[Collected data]

########################################

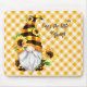 Ein hübscher kleiner Gnome in einem karierten Büffeldruck in Gelb und Schwarz hat einige Sonnenblumen gewonnen. Gelber Gingham Hintergrund. Im Text steht "Genieße die Kleinen Dinge".
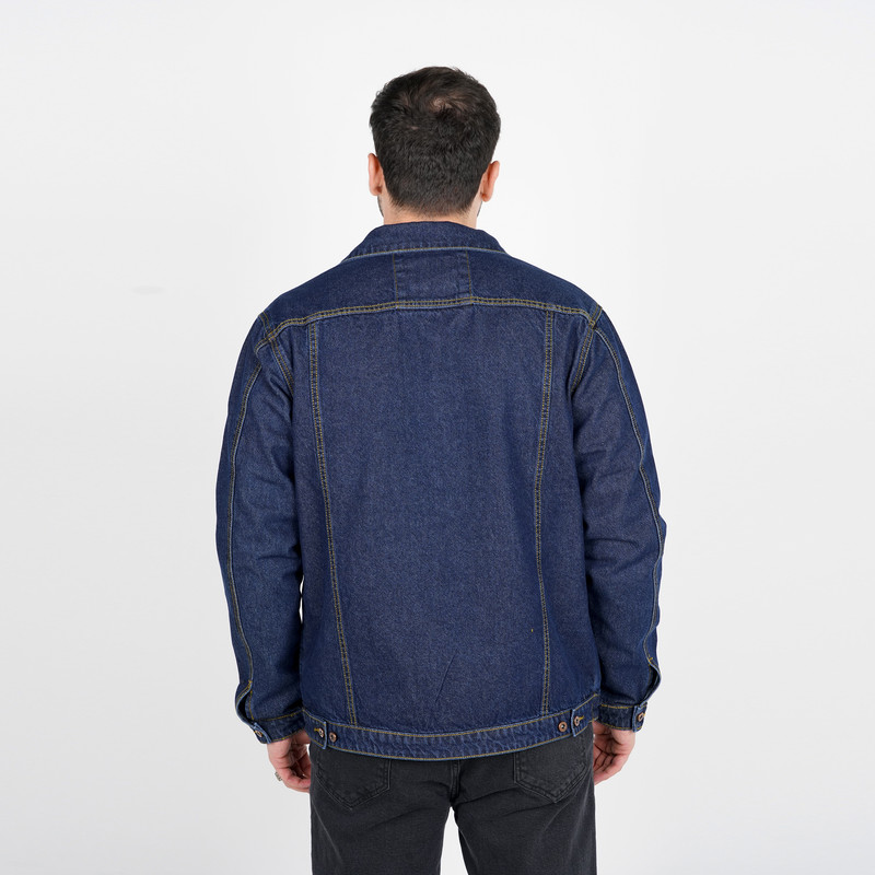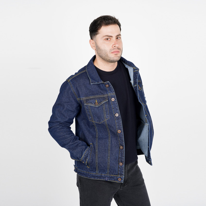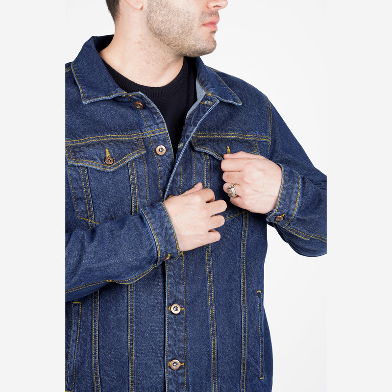 صد در صد کتان - جین - نسبتاً ضخیم / تمام دکمه فلزی / قد تا روی باسن / رنگ سرمه ای .
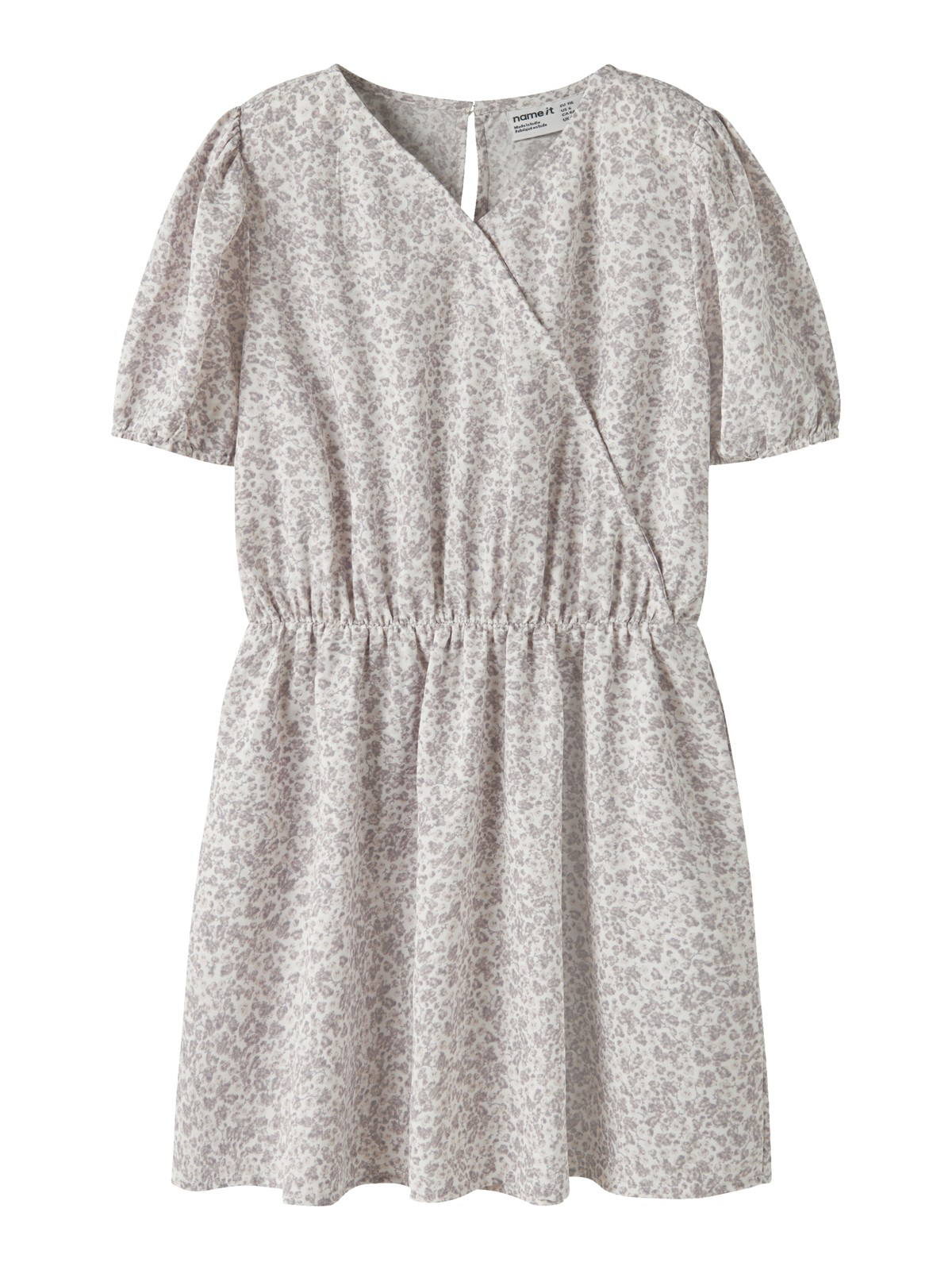Super smuk kjole fra Name It i beige med fint blomsterprint over det hele. Kjolen har elastiske manchetter, knap og løkkelukning bagpå og er lav i taljen.
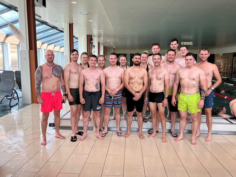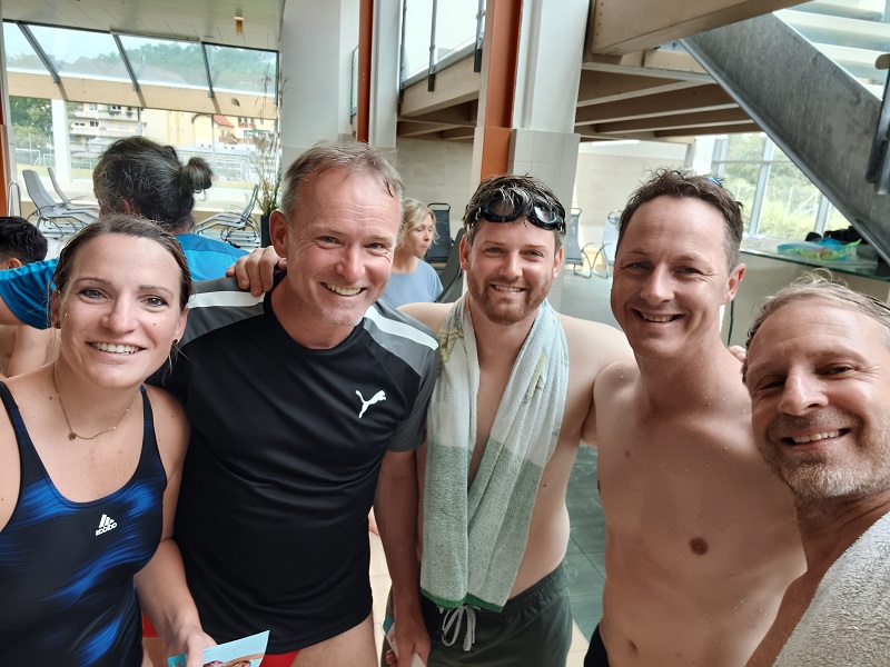 So waren die Sportwarte sichtlich motiviert und konnten in zwei Stunden abwechselnd insgesamt 292 Längen auf der 25-Meter-Schwimmbahn zurücklegen.
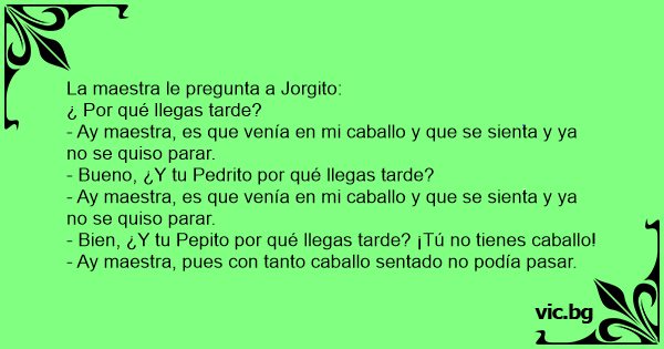- Bien, ¿Y tu Pepito por qué llegas tarde? ¡Tú no tienes caballo!
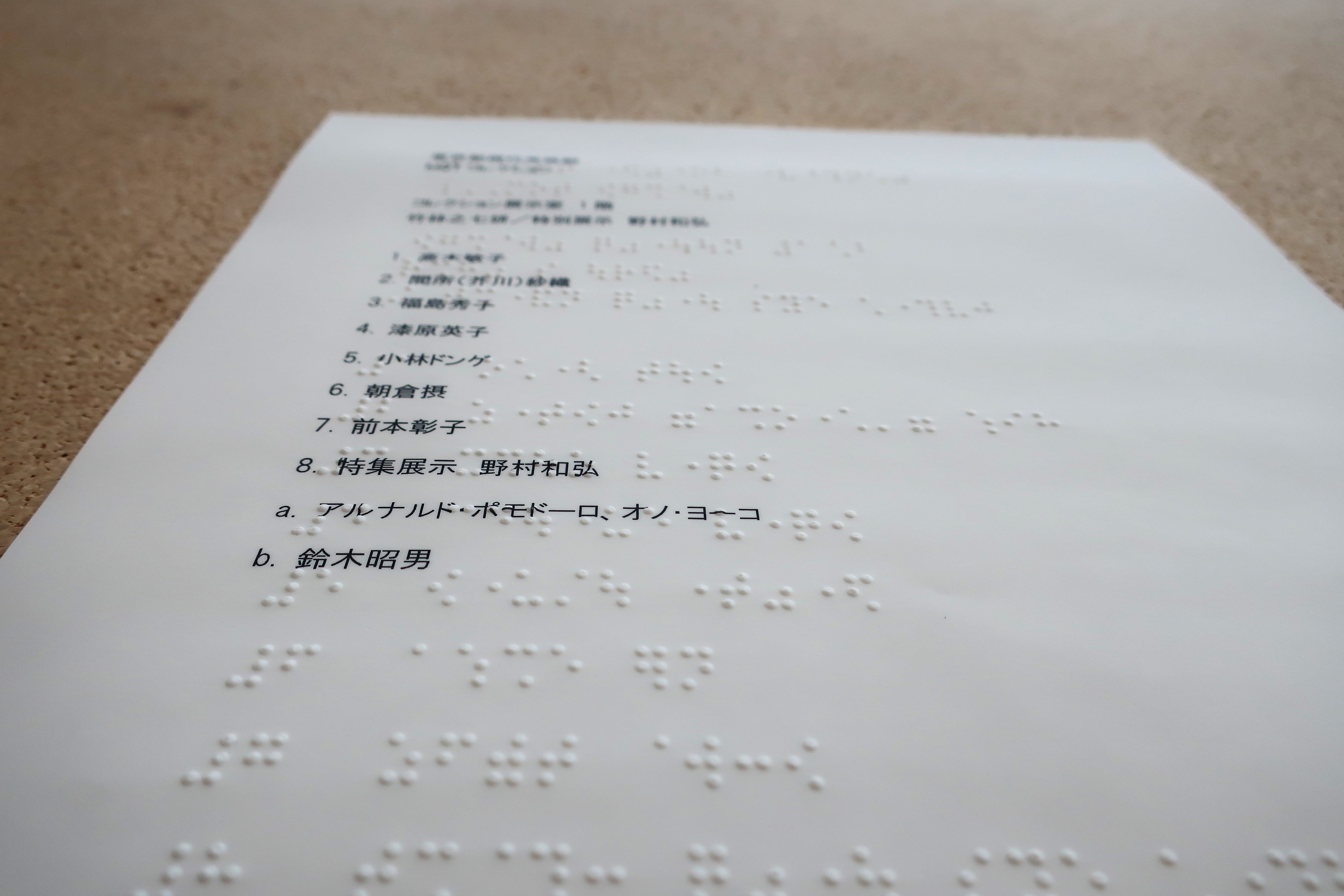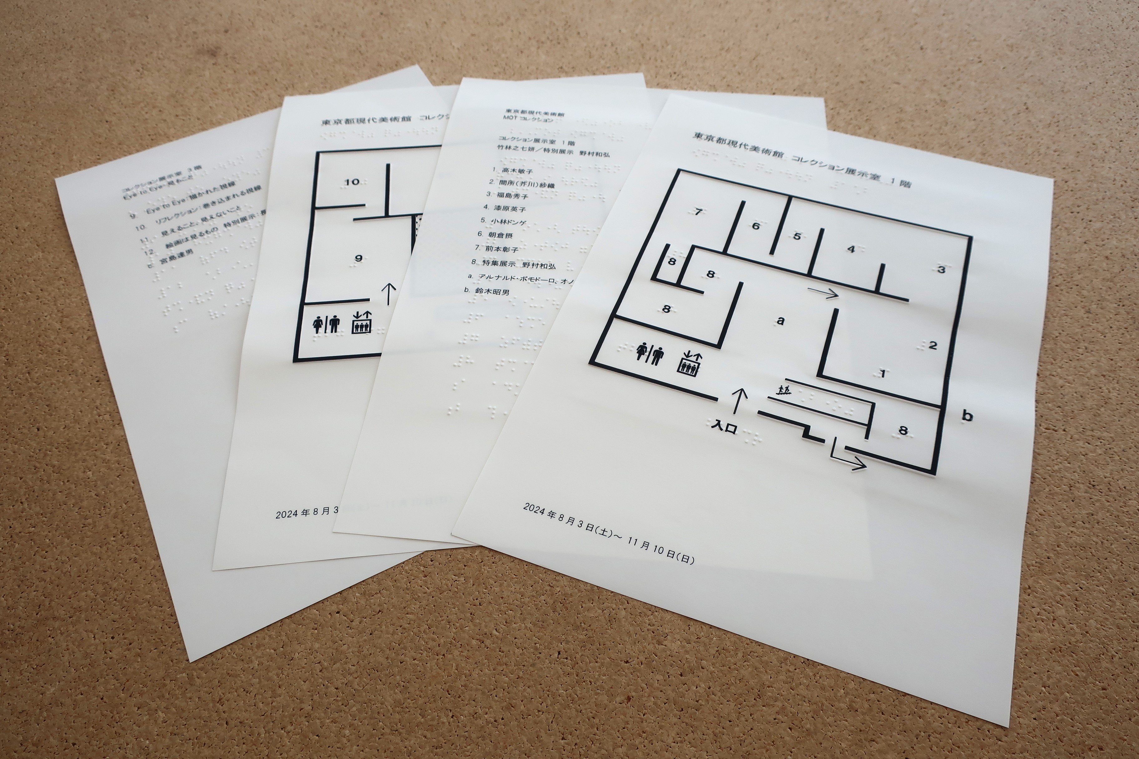 視覚障害のある方にご活用いただけるよう、開催中の「MOTコレクション 竹林之七妍/特集展示 野村和弘/Eye to Eye—見ること」展の触察フロアマップを作成しました。本マップでは、大まかな作品配置と作家名などが墨字と点字等で確認できます。
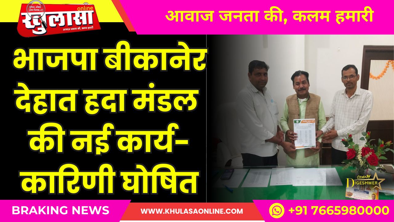 भाजपा बीकानेर देहात हदा मंडल की नई कार्यकारिणी घोषित
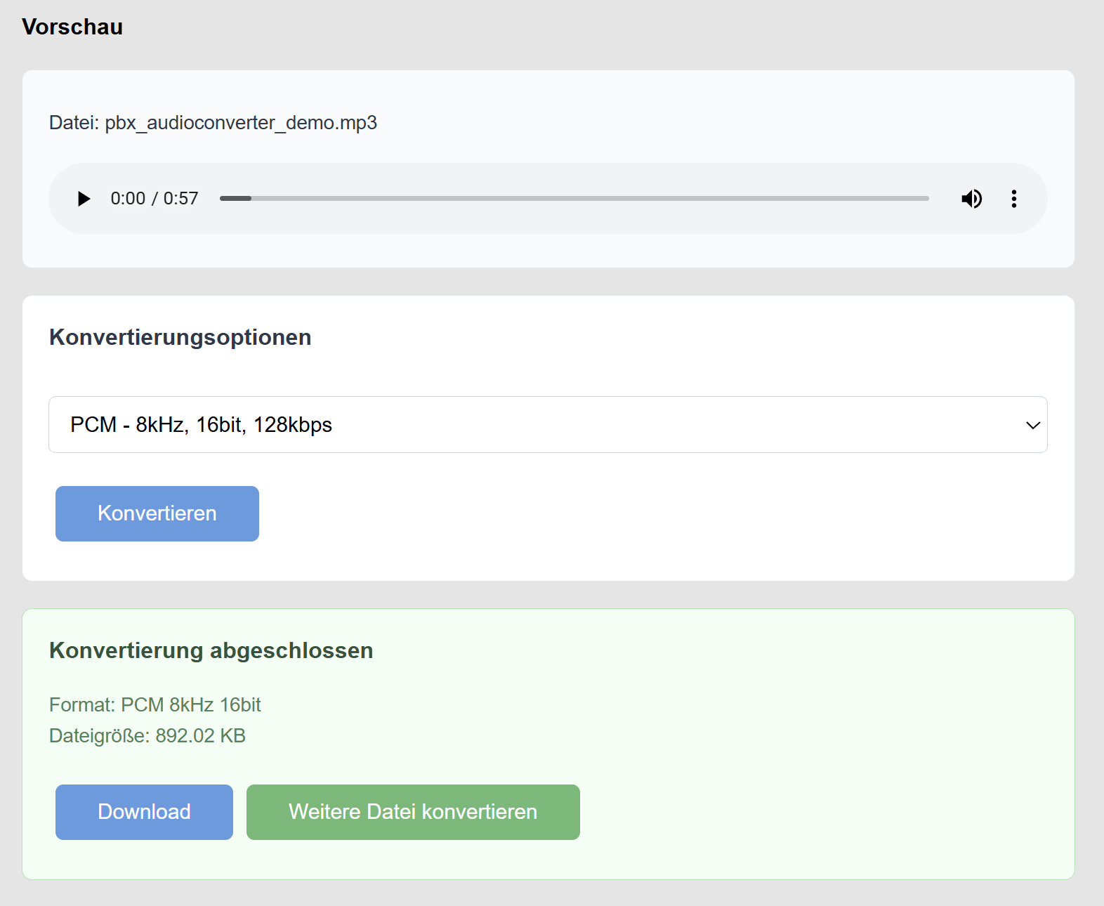 The module provides an intuitive drag‑and‑drop interface, real‑time progress display, audio preview, and easy downloading of the converted file. This makes it ideal for preparing audio prompts, announcements, IVR recordings, voicemail greetings, and other telephony-related audio assets directly inside Dolibarr — without external tools or manual reconfiguration.
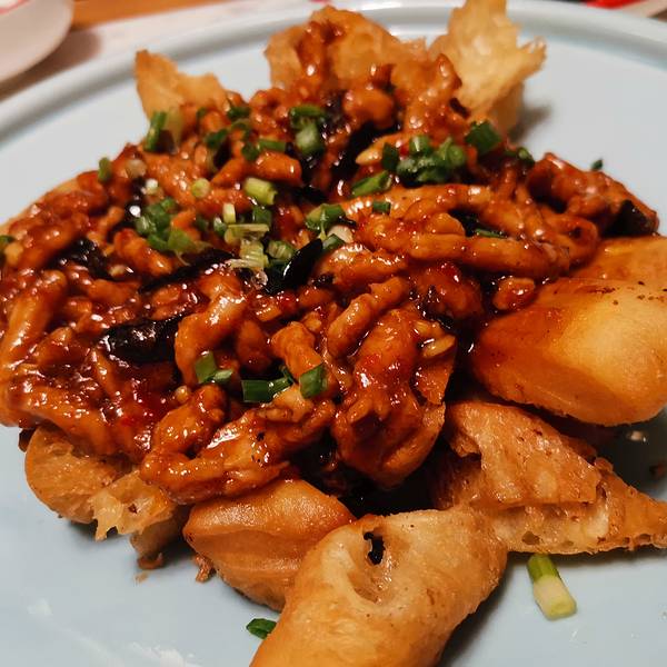 - 油条吃上去的口感非常的香脆 肉丝酱香味浓 同样是很大一份 非常的下饭 大家都特别喜欢里面的脆油...
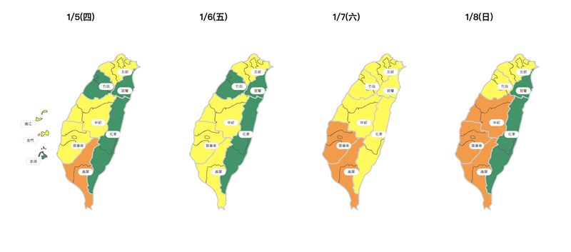 環保署監資處指出,前監測到中國上海以北、北京一帶的空汙濃度變高,隨著大陸冷氣團南下,東北風可能挾帶境外汙染物移入影響台灣。初步研判全台空品都可能受到影響,高屏地區位於下風處,汙染物易累積,西半部空品多為普通至橘色提醒等級。北部、竹苗、中部、宜蘭、花東空品區為「普通」等級;雲嘉南、高屏空品區為「橘色提醒」等級。
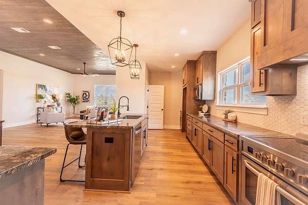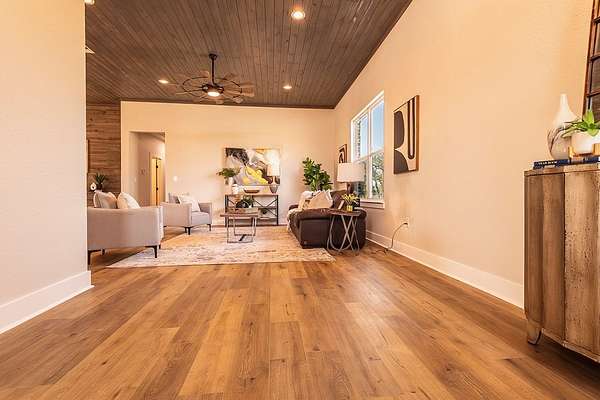 Limited time offer, 2% Buyer concession w/acceptable offer! New landscaping & irrigation! 4 bedrooms!! New construction on 4.3 acres in Reservation Ranch, located in Harper and minutes from Kerrville & Fredericksburg. This sophisticated, 4-bedroom home has unique brick/Shoreline rock (check out the fossils!) masonry exterior on all 4 sides, attached 2 car garage, beautiful sod, plants & trees with irrigation. Grand, stone steps ascend the limestone retaining wall leading to a dramatic entryway. The expansive crushed granite driveway inspires entertaining with abundant off-street parking. Inside, luxury vinyl plank flooring throughout offers easy clean-up. The open floorplan will please everyone with plenty of space. An island in the kitchen functions as a 2nd eating area and offers practicality with the sink & dishwasher. The Primary suite offers a dual vanity AND 2 generous closets! 3 additional bedrooms will sleep everyone comfortably. Soaring 11 ft ceilings in the living room, 9 ft ceilings in rest of house, spacious entryway with solid wood front door. Reservation Ranch is a gated community with central water system, reasonable restrictions. See list of Specifications in Docs

########################################

**Exercise brief:**
Look above for the line with "視覚障害のある方にご活用いただけるよう、開催中の「MOTコレクション 竹林之七妍/特集展示 野村和弘/Eye" and the line with "भाजपा बीकानेर देहात", then copy them and all lines in between exactly as written, and only those, without any pictures.

**Result:**
 視覚障害のある方にご活用いただけるよう、開催中の「MOTコレクション 竹林之七妍/特集展示 野村和弘/Eye to Eye—見ること」展の触察フロアマップを作成しました。本マップでは、大まかな作品配置と作家名などが墨字と点字等で確認できます。
 भाजपा बीकानेर देहात हदा मंडल की नई कार्यकारिणी घोषित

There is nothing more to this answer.